• [EXTRACTED ENTRIES]:
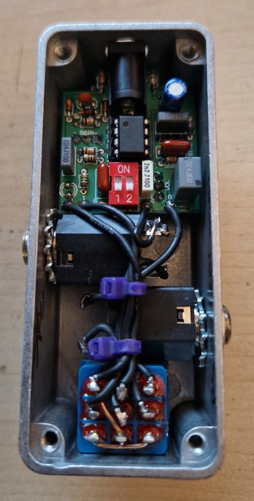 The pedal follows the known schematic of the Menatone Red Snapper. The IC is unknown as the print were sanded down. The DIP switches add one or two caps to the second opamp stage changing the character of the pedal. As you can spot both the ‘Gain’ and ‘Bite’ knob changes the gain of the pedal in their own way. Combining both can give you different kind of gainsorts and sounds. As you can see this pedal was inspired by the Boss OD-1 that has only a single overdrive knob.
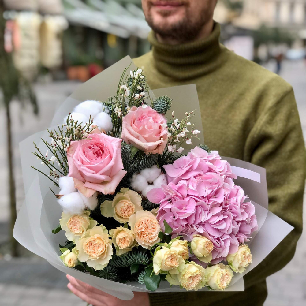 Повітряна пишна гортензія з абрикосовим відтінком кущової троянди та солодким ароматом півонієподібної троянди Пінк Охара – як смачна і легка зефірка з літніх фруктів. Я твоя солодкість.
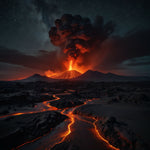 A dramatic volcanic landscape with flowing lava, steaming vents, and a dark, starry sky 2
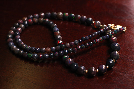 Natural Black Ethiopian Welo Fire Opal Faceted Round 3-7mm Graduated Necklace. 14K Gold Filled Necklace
---
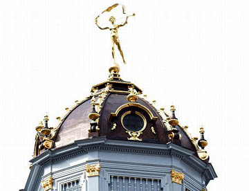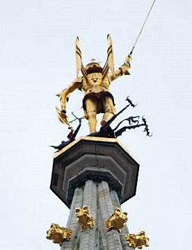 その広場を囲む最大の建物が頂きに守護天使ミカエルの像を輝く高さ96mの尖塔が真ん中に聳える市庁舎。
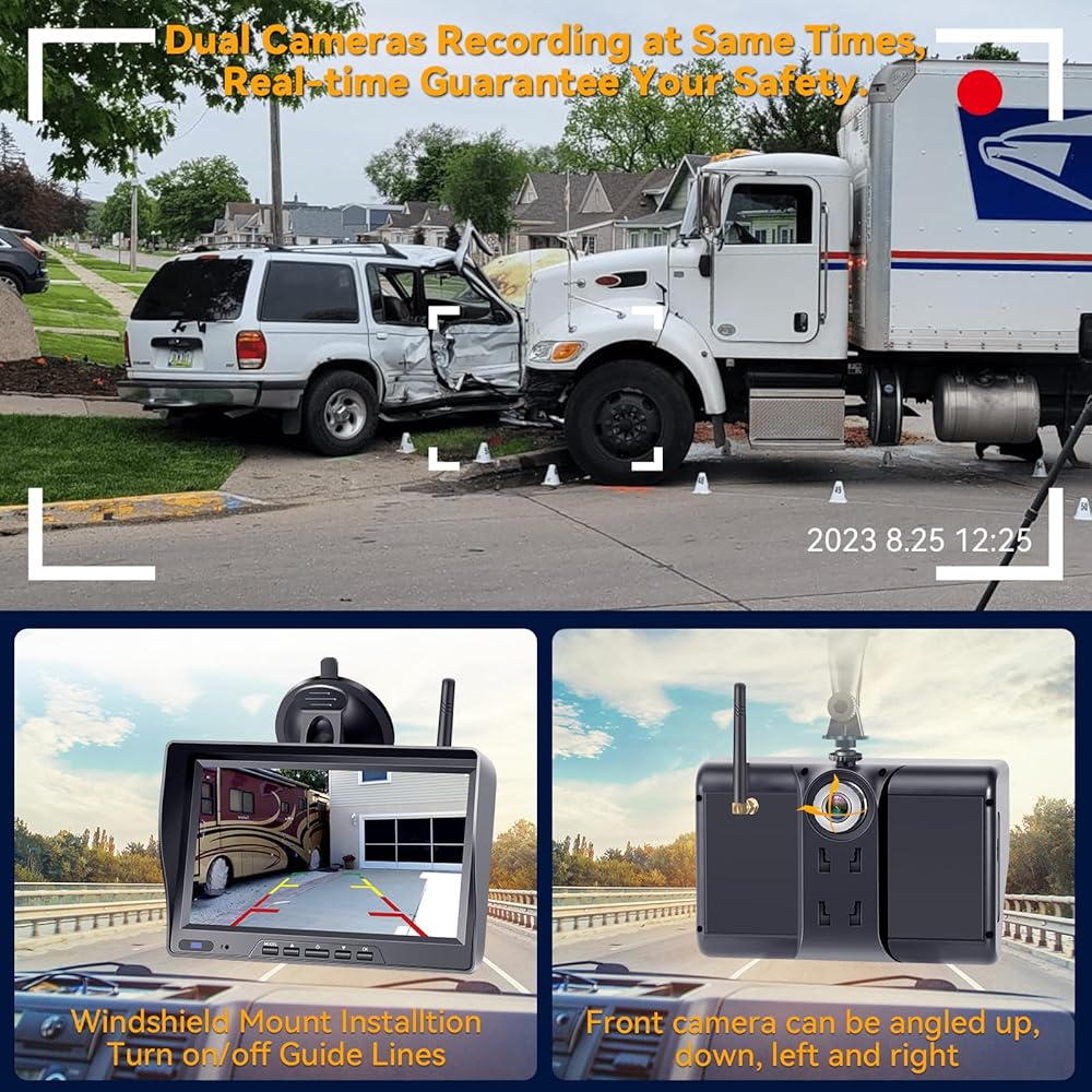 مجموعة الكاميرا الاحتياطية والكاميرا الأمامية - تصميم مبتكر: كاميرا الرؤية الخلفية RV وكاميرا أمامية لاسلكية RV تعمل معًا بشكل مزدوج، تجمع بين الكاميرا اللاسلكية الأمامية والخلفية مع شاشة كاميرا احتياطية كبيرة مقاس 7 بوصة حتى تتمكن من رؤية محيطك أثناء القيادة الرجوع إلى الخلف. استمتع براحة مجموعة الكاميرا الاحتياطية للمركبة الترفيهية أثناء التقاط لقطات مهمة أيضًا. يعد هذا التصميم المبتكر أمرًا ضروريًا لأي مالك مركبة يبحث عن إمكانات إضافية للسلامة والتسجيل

• [PROBLEM TO WORK ON]:
Taking the records above, print only and exactly the lines from the line with "The pedal follows" to the line with "Natural Black Ethiopian", both kept, and exclude pictures.

• [ANSWER SECTION]:
 The pedal follows the known schematic of the Menatone Red Snapper. The IC is unknown as the print were sanded down. The DIP switches add one or two caps to the second opamp stage changing the character of the pedal. As you can spot both the ‘Gain’ and ‘Bite’ knob changes the gain of the pedal in their own way. Combining both can give you different kind of gainsorts and sounds. As you can see this pedal was inspired by the Boss OD-1 that has only a single overdrive knob.
 Повітряна пишна гортензія з абрикосовим відтінком кущової троянди та солодким ароматом півонієподібної троянди Пінк Охара – як смачна і легка зефірка з літніх фруктів. Я твоя солодкість.
 A dramatic volcanic landscape with flowing lava, steaming vents, and a dark, starry sky 2
 Natural Black Ethiopian Welo Fire Opal Faceted Round 3-7mm Graduated Necklace. 14K Gold Filled Necklace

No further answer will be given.